Reproduce the listing that follows word for word, without its pictures.

DATA SEGMENT:
****************************************

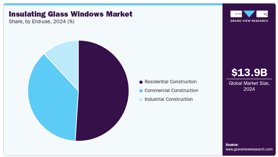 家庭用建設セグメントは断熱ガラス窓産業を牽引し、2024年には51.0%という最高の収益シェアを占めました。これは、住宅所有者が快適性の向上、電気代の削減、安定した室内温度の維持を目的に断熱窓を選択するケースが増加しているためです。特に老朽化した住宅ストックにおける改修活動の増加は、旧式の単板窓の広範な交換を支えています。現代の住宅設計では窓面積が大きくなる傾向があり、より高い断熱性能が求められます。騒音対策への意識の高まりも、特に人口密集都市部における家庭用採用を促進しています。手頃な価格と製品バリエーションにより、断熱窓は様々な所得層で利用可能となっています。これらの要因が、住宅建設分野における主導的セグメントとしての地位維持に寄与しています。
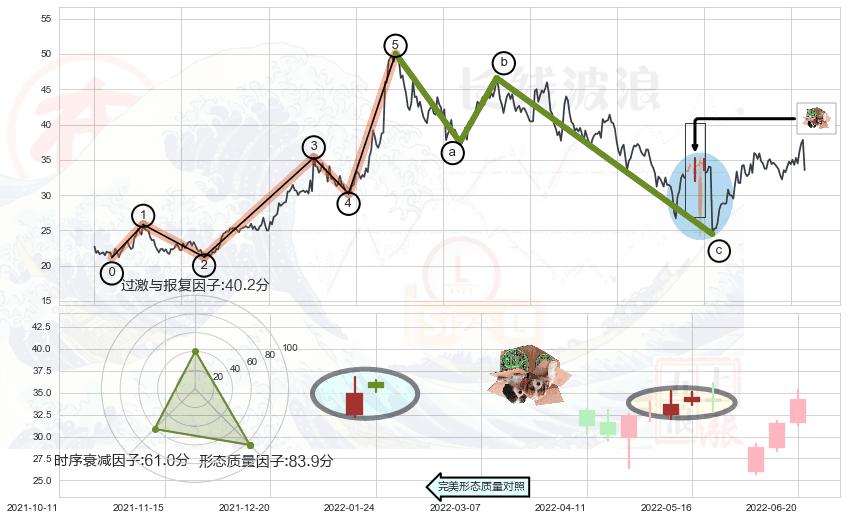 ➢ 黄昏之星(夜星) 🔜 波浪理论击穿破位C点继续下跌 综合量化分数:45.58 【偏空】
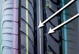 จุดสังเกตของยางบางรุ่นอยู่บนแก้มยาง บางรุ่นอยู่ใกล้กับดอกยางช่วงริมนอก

****************************************

SOLUTION FOR THIS PROBLEM:
 家庭用建設セグメントは断熱ガラス窓産業を牽引し、2024年には51.0%という最高の収益シェアを占めました。これは、住宅所有者が快適性の向上、電気代の削減、安定した室内温度の維持を目的に断熱窓を選択するケースが増加しているためです。特に老朽化した住宅ストックにおける改修活動の増加は、旧式の単板窓の広範な交換を支えています。現代の住宅設計では窓面積が大きくなる傾向があり、より高い断熱性能が求められます。騒音対策への意識の高まりも、特に人口密集都市部における家庭用採用を促進しています。手頃な価格と製品バリエーションにより、断熱窓は様々な所得層で利用可能となっています。これらの要因が、住宅建設分野における主導的セグメントとしての地位維持に寄与しています。
 ➢ 黄昏之星(夜星) 🔜 波浪理论击穿破位C点继续下跌 综合量化分数:45.58 【偏空】
 จุดสังเกตของยางบางรุ่นอยู่บนแก้มยาง บางรุ่นอยู่ใกล้กับดอกยางช่วงริมนอก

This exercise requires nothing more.